James Street North mobility hub and Waterfront
With the construction of the James Street North GO station now well underway, the proposed development of Pier 8 and the development of the Barton-Tiffany area, Hamilton’s north end will begin to undergo a gentrification that will change growth and commercial patterns in the central lower city. Detailed plans for the three areas call for a mixture of low rise residential and commercial development, enhanced streetscape amenities and a number of pedestrian-friendly initiatives that are designed to build on the momentum created by the James Street North renaissance.

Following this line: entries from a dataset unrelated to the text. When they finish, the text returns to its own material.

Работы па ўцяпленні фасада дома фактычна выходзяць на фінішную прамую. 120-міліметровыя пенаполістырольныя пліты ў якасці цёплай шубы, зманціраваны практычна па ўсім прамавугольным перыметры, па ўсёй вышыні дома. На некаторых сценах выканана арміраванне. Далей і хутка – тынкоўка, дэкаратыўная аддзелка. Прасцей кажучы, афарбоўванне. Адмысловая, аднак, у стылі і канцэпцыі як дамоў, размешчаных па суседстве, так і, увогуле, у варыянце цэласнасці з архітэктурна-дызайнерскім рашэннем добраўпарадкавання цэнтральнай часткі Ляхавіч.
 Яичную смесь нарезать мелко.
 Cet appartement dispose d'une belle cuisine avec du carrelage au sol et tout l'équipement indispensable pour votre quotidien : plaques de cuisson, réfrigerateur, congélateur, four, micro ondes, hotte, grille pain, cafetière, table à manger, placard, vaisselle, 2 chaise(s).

With the increased focus on the James corridor and surrounding areas, there are increasing calls for reconsideration of enhanced BRT along James and even eventually phased LRT to provide frequent shuttle between the bay area, the two GO stations and Hamilton downtown.
Transit on the Mountain
Whatever is ultimately decided regarding rapid transit, the city has already endorsed the Rapid Ready report, which calls for immediate increases in bus transit services, particularly in underserved areas on Hamilton Mountain and into suburban communities. This is being recommended as a precursor to LRT, since Hamilton’s transit usage is still at relatively low levels compared to cities who have LRT. Its expected the bus proposal would cost up to $200 Million, and would result in new transit corridors particularly on the mountain, where on some routes under the so-called BLAST system, the downtown core would be avoided altogether. Council will have to make a formal request of Queens Park for funding for Rapid ready and that might well provide clues as to whether there really is any money for LRT for Hamilton.

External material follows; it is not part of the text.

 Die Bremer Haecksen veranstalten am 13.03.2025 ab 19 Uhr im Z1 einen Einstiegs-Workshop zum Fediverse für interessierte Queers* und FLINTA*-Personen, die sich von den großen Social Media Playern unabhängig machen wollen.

Provincial Election reform and the
There are external forces at play which could alter the way Municipal elections are conducted in future, as well as providing another complaint mechanism to the public. Sometime in the current mandate of the Wynne government there will be proposals to review the current Municipal Election Act. Premier Kathleen Wynne has asked Ted McMeekin, her municipal affairs minister, to implement ranked balloting in time for the 2018 municipal elections. He has already made the rounds of several municipalities to discuss the change. Under the system voters would vote for more than one candidate ranking their choice, first, second and third and so on. Candidates with the least votes would drop off the ballot and runoffs would be held until a clear winner was selected. Unanswered are questions like how candidates would be able to afford to conduct multiple campaigns. The plan at present requires the new system to be optional to local councils and it would be hard to see a council changing the system that got them elected unless the province allows for a petition process to force the issue on a ballot.
The final external development that could result in greater transparency at the municipal level is a bill, now before the Ontario Legislature, to allow the Ombudsman to oversee complaints about Municipalities, hospital boards, Childrens’ Aid Societies and the like. The Bill would also expand the number of organizations subject to the Freedom of Information Act.